When I was much younger I knew some men who absolutely lived for violence. Every conversation was about fighting and every night out ended with a ruck of some kind. Most of them ended up doing quite a bit of time but it didn't seem to change them much, if anything it made them worse. Everyone was terrified of them, but if you wanted to drink in certain pubs and clubs you kind of had to negotiate a relationship with them of sorts. But within that scene violence towards women was absolutely taboo. If word got round someone had hit their partner they would be beaten up and wouldn't be able to drink in town anymore.
Now I often wondered how much this held up behind closed doors given the hair trigger tempers a lot of them had but it was certainly a prevailing attitude that men being violent to women (or kids) was something that should not be tolerated by other men. Yet these men were the epitomy of toxic masculinity, and part of that was that it was men's duty to protect 'their' women from other men's violence (and that for a man to hit a woman was 'soft' or unmanly in some way).

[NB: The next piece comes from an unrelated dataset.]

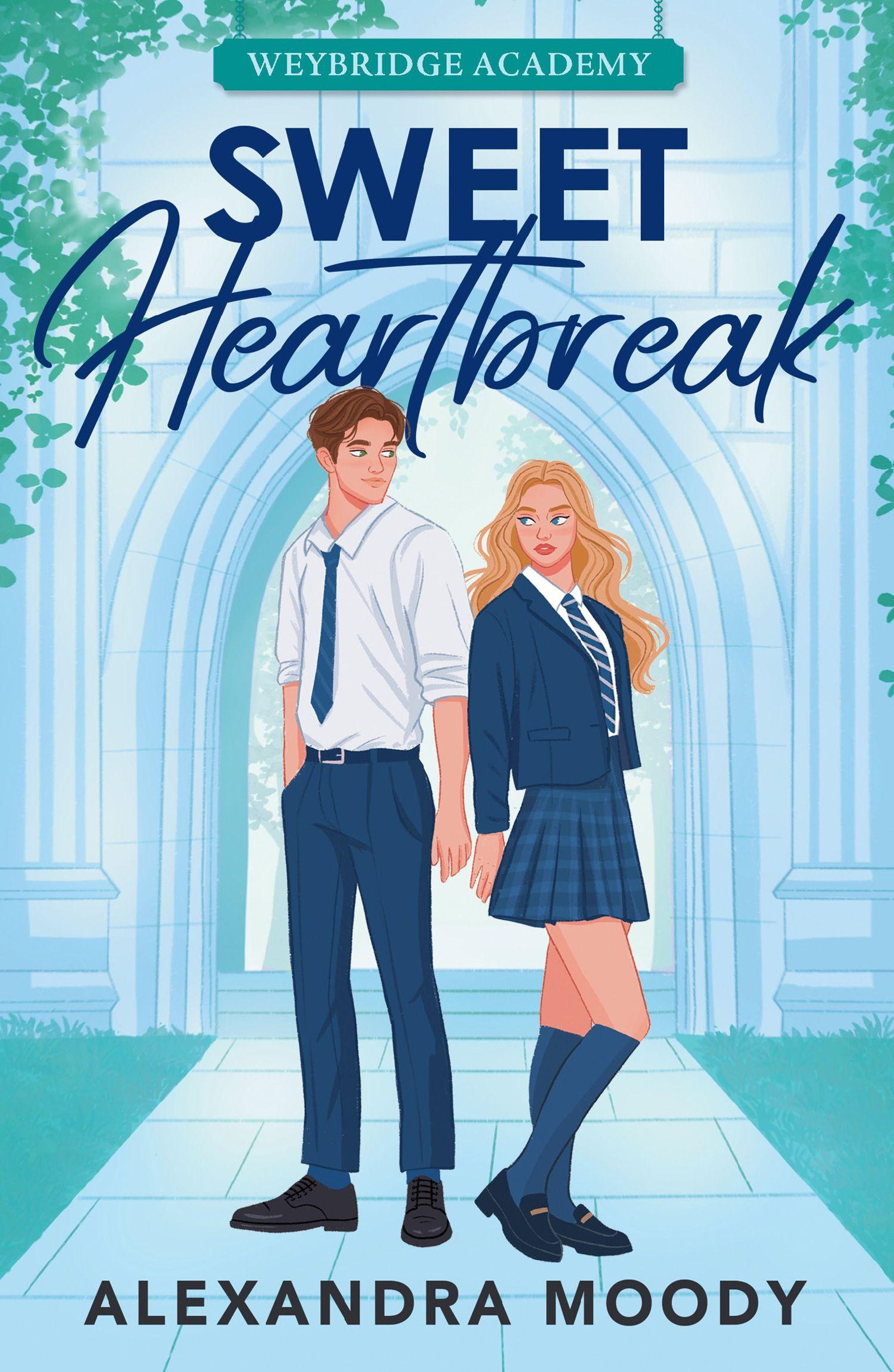 WEYBRIDGE ACADEMY, SWEET Heartbreak, ALEXANDRA MOODY. Illustration von zwei Jugendlichen in Schuluniform vor einem Torbogen., Buch

I don't think it was universal. I can think of a similar social scene, with a similar bunch of violent men strutting about at the helm for who violence towards women was completely normalised, although perhaps the difference was these men were more criminal in other areas, they ran the drugs, money was involved and violence was directed at anyone, male or female who got in the way of that. But I do think the first example was more commonplace, a lot of men who were involved in what was largely recreational violence, they enjoyed it, had a code of a sort that they didn't pick on women, kids, older people, or those who were physically weaker.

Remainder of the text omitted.